Il est également intéressant de noter, parmi les exceptions, ce que certains auteurs ont relevé dans le domaine de la phonologie, concernant les capacités de l’enfant et de l’adulte. H. Vanthier (2009), citant D. Goanac’h (2006), remarque que de meilleures capacités de reproduction des sons ont été relevées chez l’adulte, « étant donné que certaines difficultés rencontrées chez les jeunes enfants peuvent en outre relever de difficultés articulatoires et/ou attentionnelles inhérentes à leur niveau de développement et à leur capacité de concentration. On retrouve d’ailleurs ces difficultés aussi bien en langue maternelle qu’en langue étrangère. » (2009 : 40). Pour A. Pinter (2011), si l’on ne peut pas nier l’avantage dont disposent les enfants pour parvenir à un accent presque natif et à une prononciation authentique, il faudrait signaler que de nombreuses recherches ont montré que des apprenants plus âgés, même adultes, sont capables de maîtriser un accent et une prononciation presque natifs, s’ils sont motivés et bénéficient d’un enseignement formel. A. Pinter (2011) cite l’exemple des études menées aux Pays-Bas par T. Bongaerts et ses collègues. Ces études portaient sur des apprenants adultes qui avaient commencé à apprendre l’anglais à l’âge de 12 ans, à raison de deux heures par semaine, dans des cours assurés par des enseignants non-natifs. Ils avaient continué à apprendre l’anglais à l’université (où ils avaient bénéficié d’un enseignement formel de la prononciation et de la phonologie) et après leurs études, ils avaient passé un an en Grande-Bretagne. Les résultats des tests réalisés dans le cadre de ces études ont été surprenants : certains apprenants avancés avaient atteint le niveau linguistique d’un locuteur natif. Citant Bongaerts (1999), A. Pinter (2011) évoque trois raisons qui pourraient expliquer cette réussite : « Firstly, it is of vital importance to them that they should sound native ; secondly, they have continued access to massive amounts of authentic input ; and thirdly, they had focussed training in phonetics, targeting the differences between their L1 and L2 systems » (2011 : 59).

« Premièrement, il est indispensable pour eux de parler comme des natifs ; deuxièmement, ils ont un accès permanent à des quantités énormes d’input

authentique ; et troisièmement, ils ont reçu un entraînement axé sur la phonétique, ciblant les différences entre le système de leur L1 et celui de la L2. »

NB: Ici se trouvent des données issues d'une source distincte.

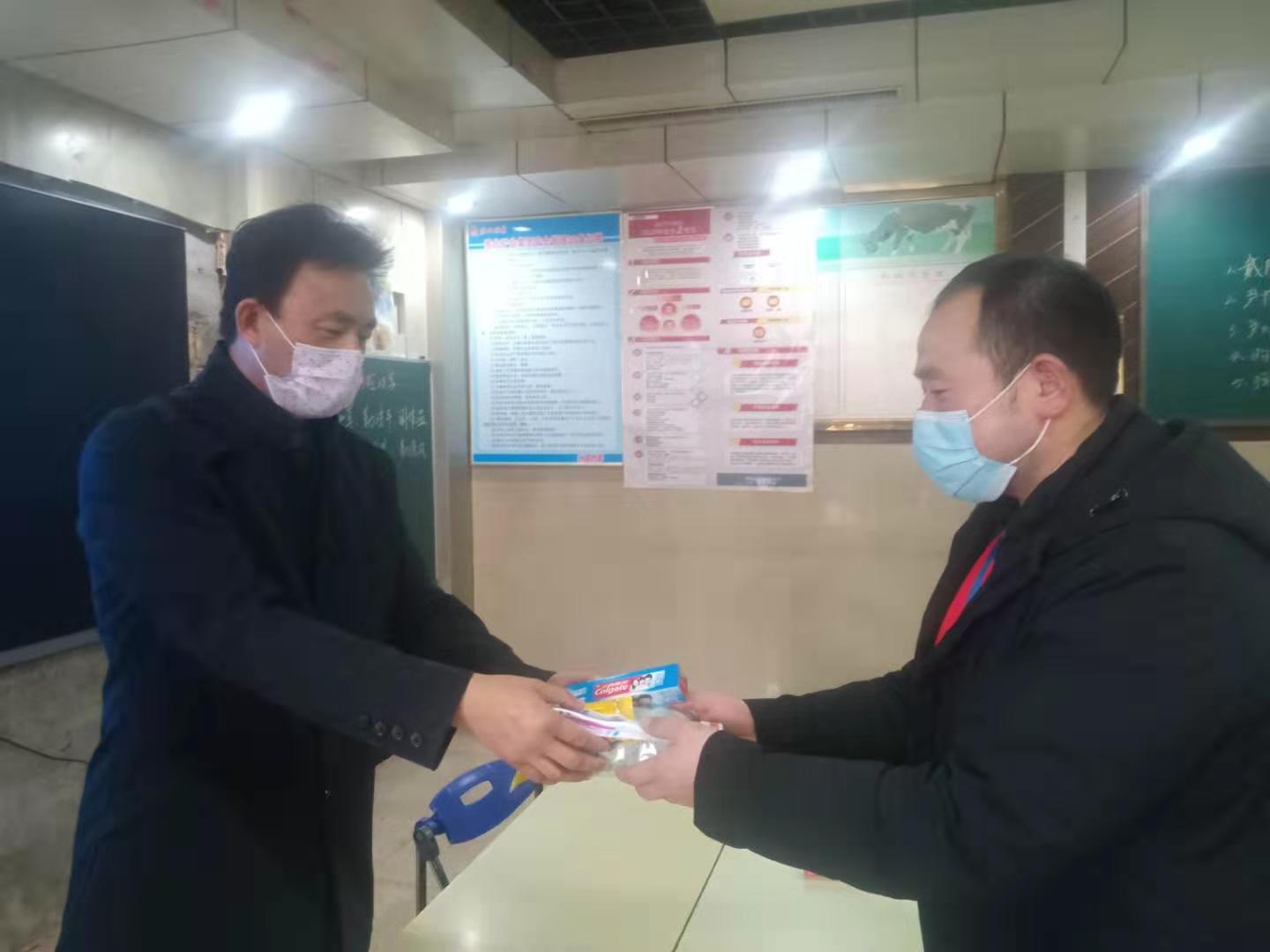 “感謝你們一直默默堅(jiān)守在崗位,希望你們做到防控疫情和安全生產(chǎn)兩手抓,吃好,喝好,把咱的身體養(yǎng)的棒棒的,有什么問題,可以直言不諱給我提?!碧J嶺礦工會(huì)主席丁多利深入掘進(jìn)一區(qū)會(huì)議室親自將毛巾、牙刷、桶面、純牛奶等生活用品送給職工并真切說道。
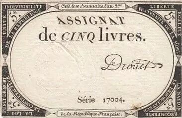 Billet France 5 Livres - 10 Brumaire An II (31.10.1793) - Sign. Droüet - Série 17004
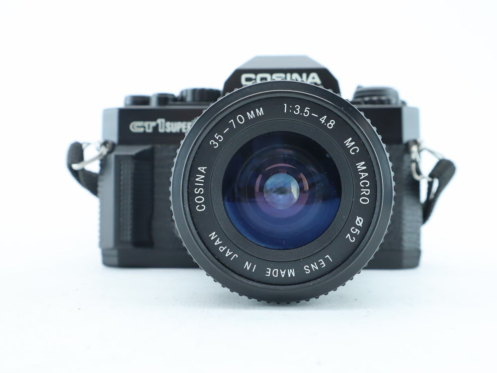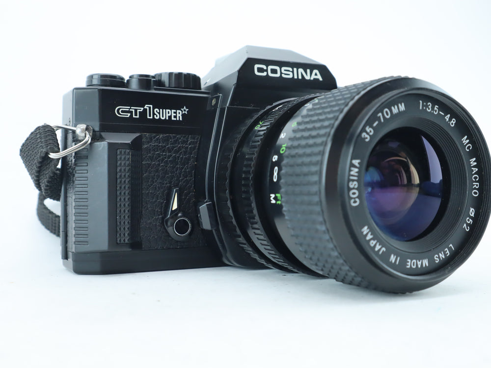 The Cosina CT1 Super is a fully manual 35mm SLR camera, known for its sturdy metal build and reliable performance. It features a bright viewfinder and easy-to-use controls, making it a great option for both beginners and experienced photographers. Paired with the MC Macro 35-70mm f/3.5-4.8, this kit offers a flexible zoom range and macro capability, perfect for portrait, travel, and close-up photography.
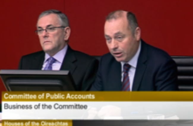 PAC chair John McGuinness and the committee clerk Ted McEnery this morning/ Screengrab via Oireachtas TV
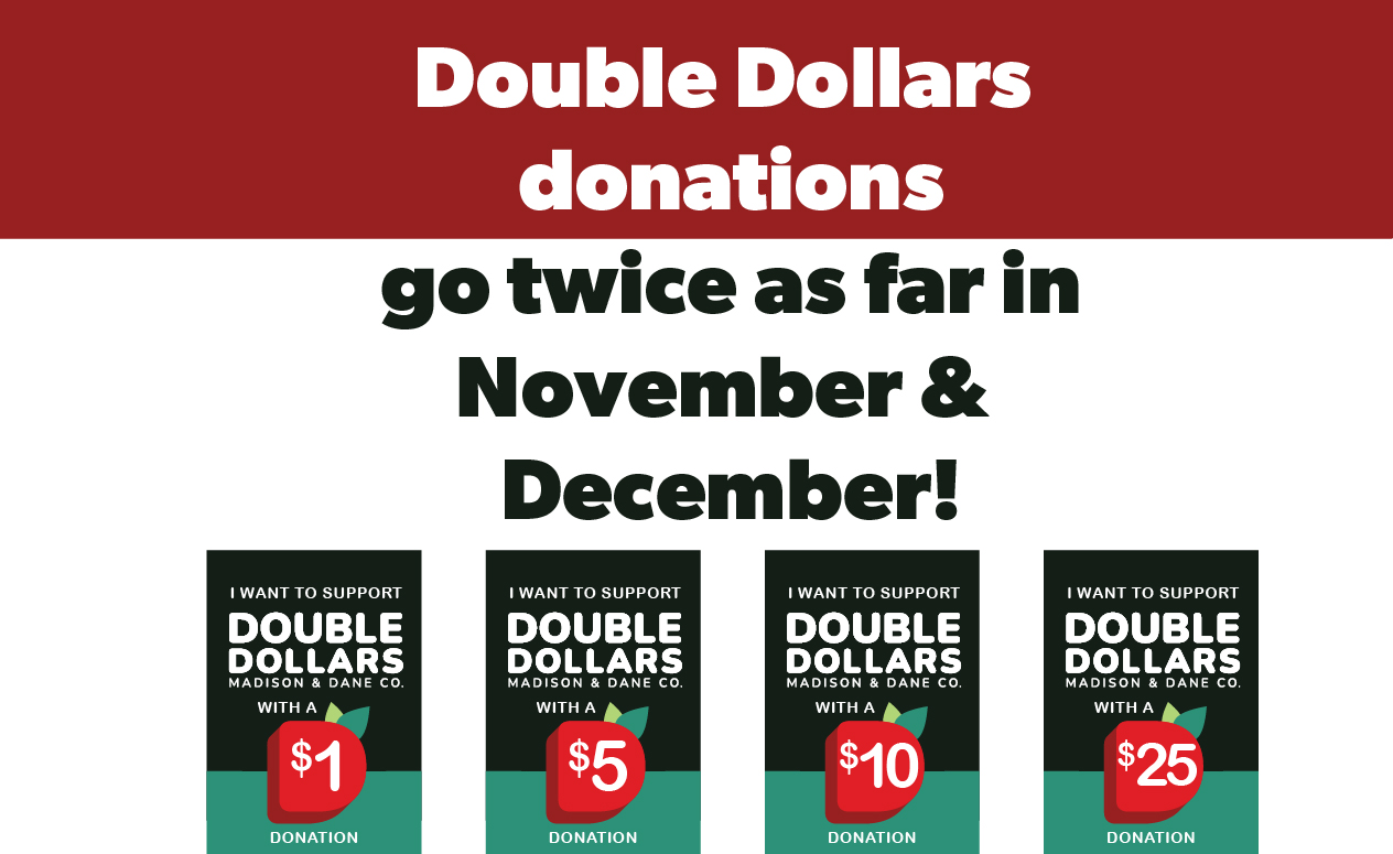 Through December 31st, when you use a Double Dollars scan card, the Co-op will match up to $10,000 and donate matched funds to our five food pantry partners:
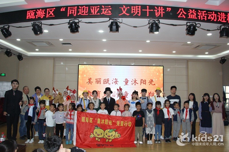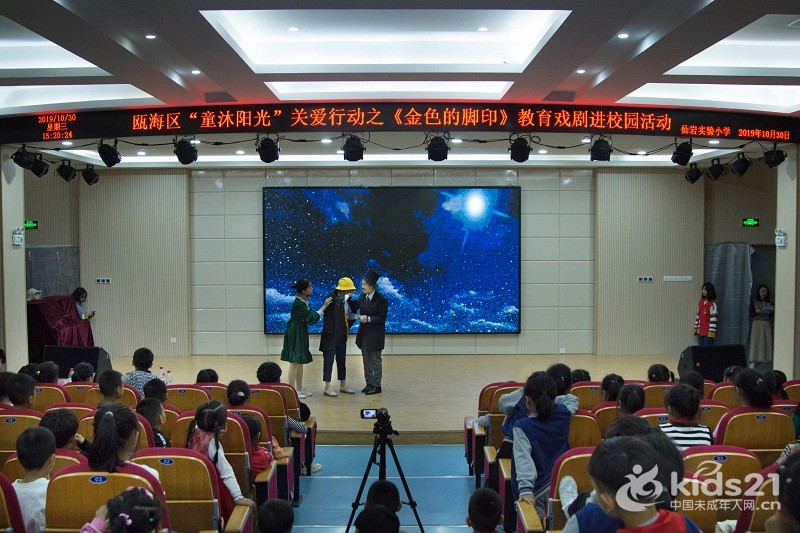 温州市瓯海区仙岩实验小学的大礼堂里爆发出阵阵掌声和欢呼声。为响应“同迎亚运 文明十讲”,发挥社会组织力量,助力美丽瓯海建设,10月30日下午,由温州市瓯海区精神文明建设指导中心主办的“童沐阳光”关爱行动特邀星空平台沐童翎教育戏剧社,为该校的新居民子女送去别开生面的礼物——《金色的脚印》课本剧表演。
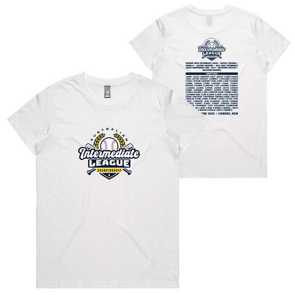 2025 Baseball Australia Intermediate League Championship Ladies Tee - White
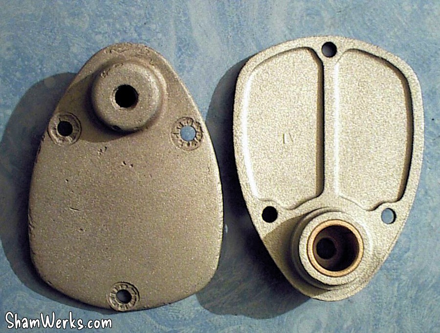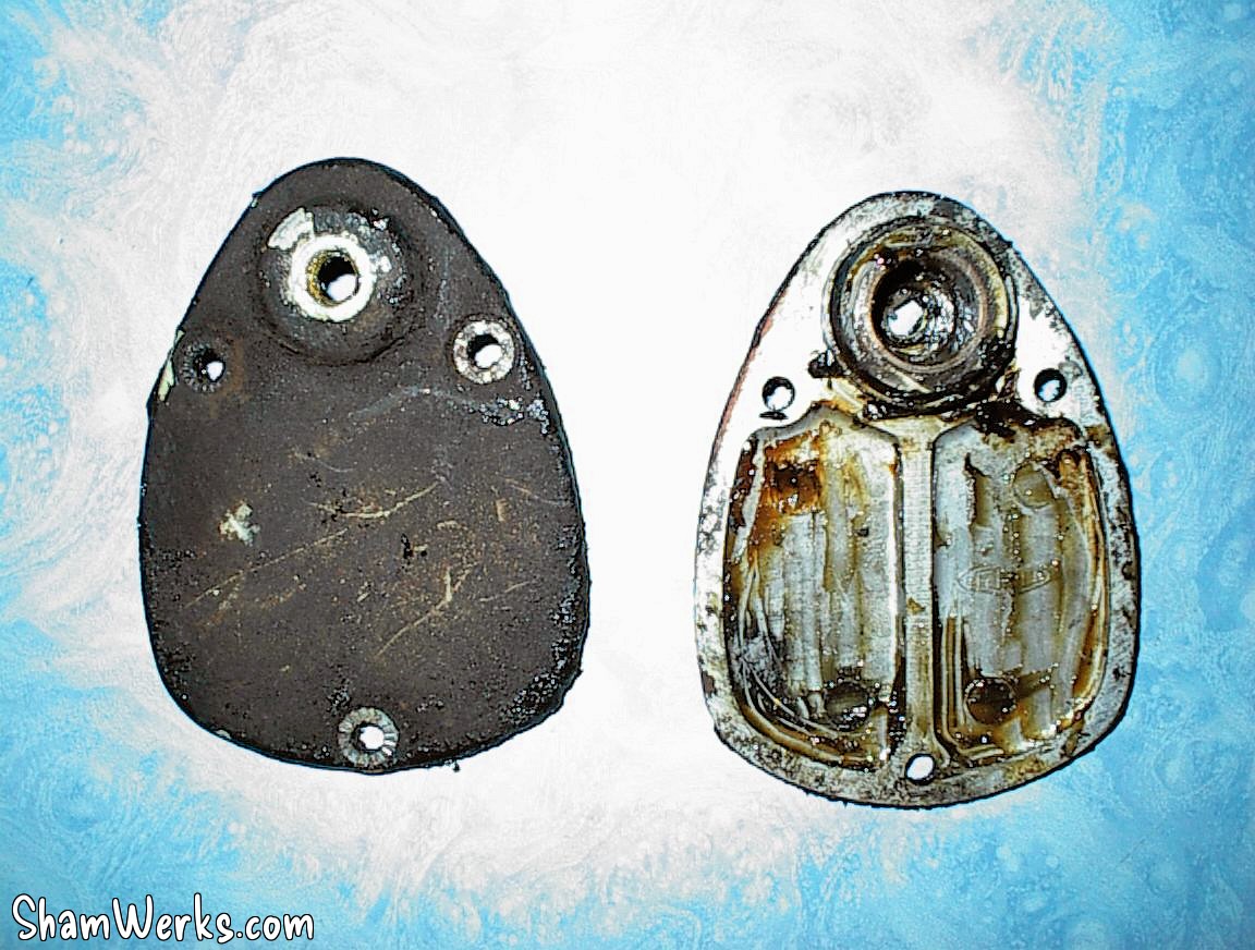 - Au centre, les plaques en alu qui viennent fermer le boitier. A l'époque elle était souvent le support d'accessoires fantaisistes : logos, blasons, etc... Moi je vais les faire chromer...
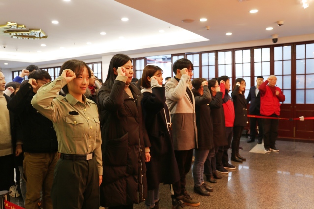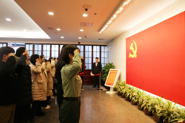 预备党员宣誓环节在上海市兴业路76号的中共一大会址纪念馆内举行,全体参与人员在重温党史中对党立下诚挚的誓言。面对鲜红的党旗,每个人怀着激动的心情,紧握右拳,铿锵有力地宣读入党誓词。每一句誓言都掷地有声,每一声宣誓都荡气回肠。

C. Muñoz (2009) signale que dans les situations d’enseignement des langues étrangères, l’input en L2 est limité non seulement en termes de quantité et d’intensité, mais il peut aussi être limité en termes de qualité. Elle précise que l’input peut être de qualité insuffisante du point de vue phonologique si les apprenants reçoivent de leurs enseignants un input caractérisé par un accent étranger et elle postule, citant Flege (1991), qu’en dépit d’un âge précoce de début de l’apprentissage d’une L2, les apprenants ne seront pas capables de percevoir et de produire correctement les sons de la L2 s’ils ont reçu de l’input caractérisé par un accent étranger.

V. Murphy (2010) cite García Lecumberri et Gallardo (2003), qui ont examiné la relation entre l’âge dans l’apprentissage de l’anglais langue étrangère et la prononciation en anglais, chez des enfants bilingues (basque/espagnol) qui avaient commencé leur apprentissage à différents âges. Les chercheurs soutiennent que l’âge auquel un apprenant commence son apprentissage de l’anglais langue étrangère ne constitue pas un élément facilitateur pour l’acquisition des sons de la langue étrangère. D’après V. Murphy (2010), cette conclusion est particulièrement intéressante étant donné que de nombreuses recherches ont suggéré que si la période critique existe, c’est pour la phonologie.